# nepdialect



## CarlitosMS

Hallo iedereen

Ik zou graag weten wat deze uitdrukking betekent, want ik heb ze niet in woordenboeken gevonden.
Hier is een beetje context:

Ik vraag me trouwens af of er nog wel genoeg acteurs zijn om een serie als Thuis in het Standaardnederlands te brengen. Vroeger kon je niet aan de Studio Herman Teirlinck beginnen als je niet in staat was om een tekst in het Algemeen Nederlands op een natuurlijke manier te brengen. Intussen hebben ze die proef geschrapt, anders studeert niemand meer af. Maar er zijn nog tekens aan de wand. In de jaren zestig en zeventig deden onze Vlaamse chansonniers hun best. Artiesten als Zjef Vanuytsel, Jan De Wilde en Hugo Raspoet verzorgden hun taal, aan Wim De Craene kon je niet horen dat hij uit Aalst kwam. Nu heb je een fenomeen als Fixkes, dat in een nepdialect triomfen oogst. Want vergis je niet, die gasten zingen geen echt Stabroeks, dat is Verkavelingsstabroeks!
(Johan Taeldeman)

Groetjes en alvast bedankt
Carlos M.S.


----------



## jedna

Nepdialect is -in dit geval- bedoeld als slecht nagebootst dialect, door een band die het echte dialect dat in Stabroek wordt gesproken dus geen recht doet.
NB: Je schrijft: _Studio_ Herman Teirlink. Dat moet zijn: _Studie_


----------



## eno2

Nope. Studio. 

De tekst van Carlitos is hier te vinden: 

AN, verkavelingsvlaams en tussentaal | LVB.net

Ik wordt intriest van "Vroeger kon je niet aan de Studio Herman Teirlinck beginnen als je niet in staat was om een tekst in het Algemeen Nederlands op een natuurlijke manier te brengen. Intussen hebben ze die proef geschrapt, anders studeert niemand meer af."

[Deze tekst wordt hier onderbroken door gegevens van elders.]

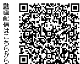
動画配信はこちらから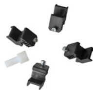
Leva + pinza per cerchi in lega + 4 protezioni per cerchi in alu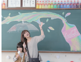
普通科の黒板アート

Maar Bart Peeters ziet dat zo: 


> AN, verkavelingsvlaams en tussentaal | LVB.net
> *Bart Peeters:* In Amsterdam spreken ze steeds meer slang. "Kom es _hiero_! Hoeveel _euri_ moet dat kosten?" Turbotaal, ik vind dat fantastisch. We mogen vooral niet monogaam omspringen met taal. Dialect, tussentaal, Algemeen Nederlands, sms-taal... laat duizend registers bloeien. Er zijn vier mensensoorten die ik wantrouw. Fotomodellen, mensen met een propere auto, mensen met een verzorgd voortuintje en mensen die academisch spreken. (...)


----------



## jedna

Aha! Ik begreep dat het studie was, en wel de studie van (het werk van) de schrijver Herman Teirlinck, maar het blijkt dus nu ook iets als een radio/tv studio te zijn?


----------



## eno2

Yep. Overbekend in Vlaanderen.


----------



## CarlitosMS

eno2 said:


> Ik wordt intriest van "Vroeger kon je niet aan de Studio Herman Teirlinck beginnen als je niet in staat was om een tekst in het Algemeen Nederlands op een natuurlijke manier te brengen. Intussen hebben ze die proef geschrapt, anders studeert niemand meer af."



Intriest in welke zin?


----------



## eno2

Pfff

Is het niet intriest dat "woordkunstenaars" in spe standaardtaal niet  natuurlijk  moeten  kunnen brengen? Acaso no sea  deplorable que futuros artistas del idioma no deben dominar el idioma estándar?


----------



## CarlitosMS

eno2 said:


> Pfff
> 
> Is het niet intriest dat "woordkunstenaars" standaardtaal niet goed (zouden moeten)  kunnen brengen?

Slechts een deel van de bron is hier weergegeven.